### Problem:
Omit the pictures found among the records and print everything else exactly as it stands.

### Input records:

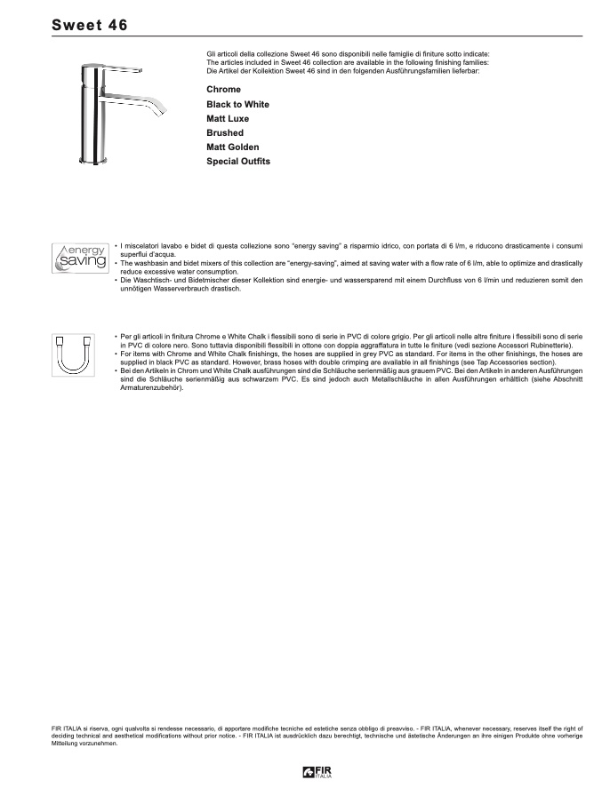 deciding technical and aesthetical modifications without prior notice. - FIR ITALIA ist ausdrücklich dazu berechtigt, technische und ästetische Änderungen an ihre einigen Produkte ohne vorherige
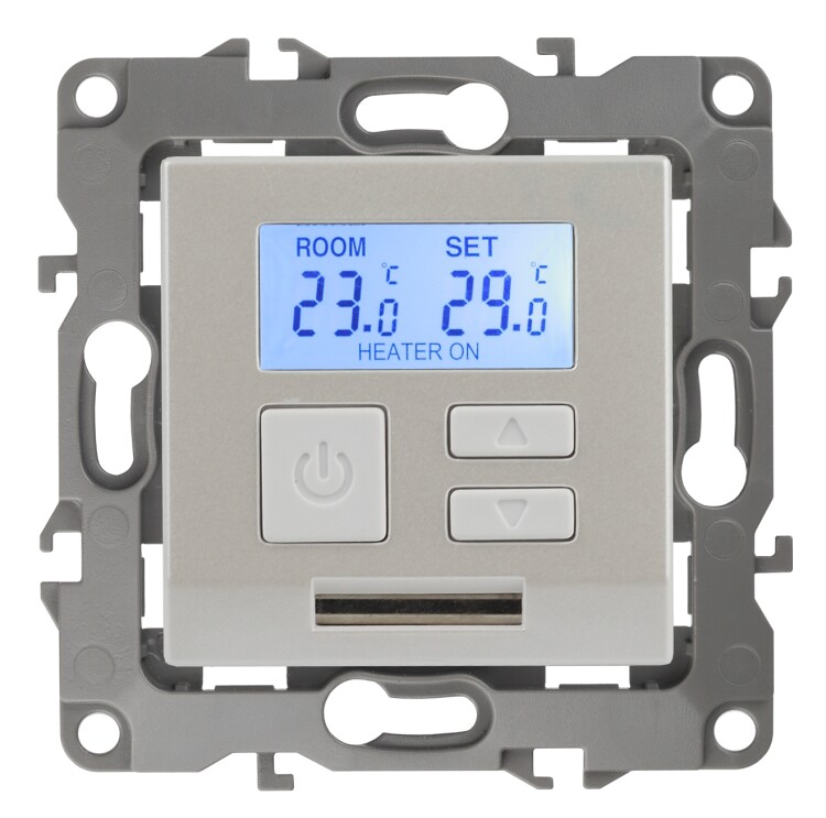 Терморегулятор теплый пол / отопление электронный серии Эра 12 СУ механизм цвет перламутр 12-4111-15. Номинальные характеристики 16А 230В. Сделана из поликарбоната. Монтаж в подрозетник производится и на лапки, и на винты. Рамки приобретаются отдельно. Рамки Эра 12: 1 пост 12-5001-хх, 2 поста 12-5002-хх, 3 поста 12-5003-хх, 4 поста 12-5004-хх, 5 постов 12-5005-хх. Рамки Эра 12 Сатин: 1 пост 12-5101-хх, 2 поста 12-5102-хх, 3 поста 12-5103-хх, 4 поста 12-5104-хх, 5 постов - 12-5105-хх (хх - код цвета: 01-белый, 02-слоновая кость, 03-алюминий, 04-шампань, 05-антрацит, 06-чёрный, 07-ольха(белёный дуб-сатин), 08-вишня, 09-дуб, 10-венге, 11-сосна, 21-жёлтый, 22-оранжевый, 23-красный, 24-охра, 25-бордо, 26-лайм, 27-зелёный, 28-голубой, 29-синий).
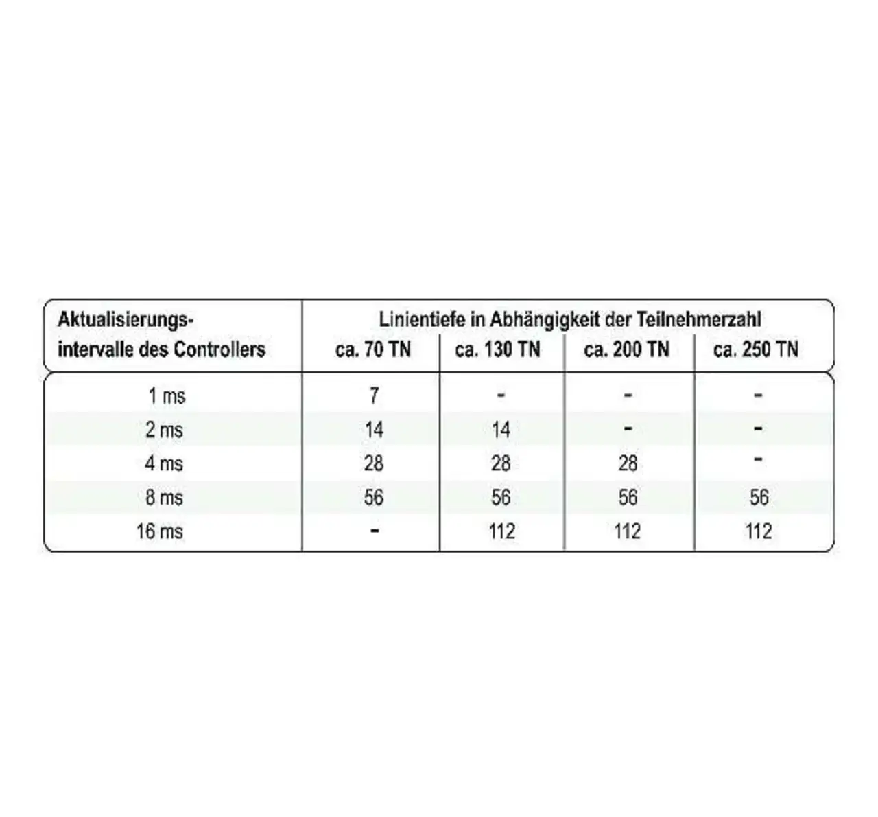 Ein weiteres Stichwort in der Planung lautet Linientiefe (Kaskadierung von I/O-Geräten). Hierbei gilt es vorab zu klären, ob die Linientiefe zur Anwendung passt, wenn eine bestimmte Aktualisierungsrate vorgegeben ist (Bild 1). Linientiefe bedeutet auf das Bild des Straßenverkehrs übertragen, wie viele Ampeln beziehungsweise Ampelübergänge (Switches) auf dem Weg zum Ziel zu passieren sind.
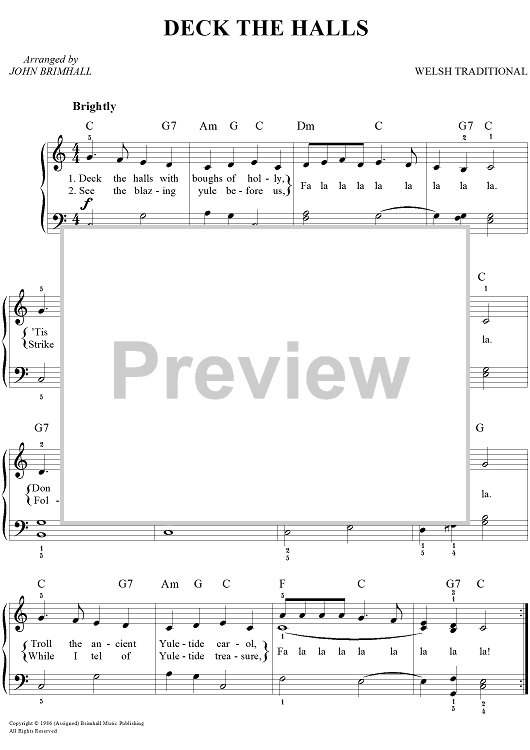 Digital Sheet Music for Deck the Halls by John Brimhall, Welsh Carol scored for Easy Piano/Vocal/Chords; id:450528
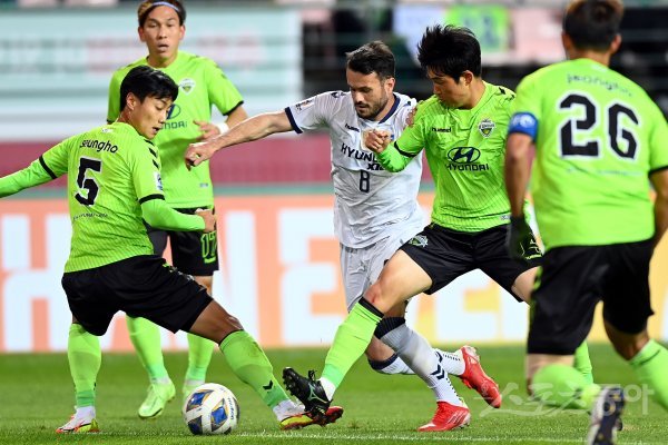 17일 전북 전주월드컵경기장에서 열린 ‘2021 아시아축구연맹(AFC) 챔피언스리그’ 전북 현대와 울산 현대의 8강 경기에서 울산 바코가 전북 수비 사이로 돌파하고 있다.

### Your response:
 deciding technical and aesthetical modifications without prior notice. - FIR ITALIA ist ausdrücklich dazu berechtigt, technische und ästetische Änderungen an ihre einigen Produkte ohne vorherige
 Терморегулятор теплый пол / отопление электронный серии Эра 12 СУ механизм цвет перламутр 12-4111-15. Номинальные характеристики 16А 230В. Сделана из поликарбоната. Монтаж в подрозетник производится и на лапки, и на винты. Рамки приобретаются отдельно. Рамки Эра 12: 1 пост 12-5001-хх, 2 поста 12-5002-хх, 3 поста 12-5003-хх, 4 поста 12-5004-хх, 5 постов 12-5005-хх. Рамки Эра 12 Сатин: 1 пост 12-5101-хх, 2 поста 12-5102-хх, 3 поста 12-5103-хх, 4 поста 12-5104-хх, 5 постов - 12-5105-хх (хх - код цвета: 01-белый, 02-слоновая кость, 03-алюминий, 04-шампань, 05-антрацит, 06-чёрный, 07-ольха(белёный дуб-сатин), 08-вишня, 09-дуб, 10-венге, 11-сосна, 21-жёлтый, 22-оранжевый, 23-красный, 24-охра, 25-бордо, 26-лайм, 27-зелёный, 28-голубой, 29-синий).
 Ein weiteres Stichwort in der Planung lautet Linientiefe (Kaskadierung von I/O-Geräten). Hierbei gilt es vorab zu klären, ob die Linientiefe zur Anwendung passt, wenn eine bestimmte Aktualisierungsrate vorgegeben ist (Bild 1). Linientiefe bedeutet auf das Bild des Straßenverkehrs übertragen, wie viele Ampeln beziehungsweise Ampelübergänge (Switches) auf dem Weg zum Ziel zu passieren sind.
 Digital Sheet Music for Deck the Halls by John Brimhall, Welsh Carol scored for Easy Piano/Vocal/Chords; id:450528
 17일 전북 전주월드컵경기장에서 열린 ‘2021 아시아축구연맹(AFC) 챔피언스리그’ 전북 현대와 울산 현대의 8강 경기에서 울산 바코가 전북 수비 사이로 돌파하고 있다.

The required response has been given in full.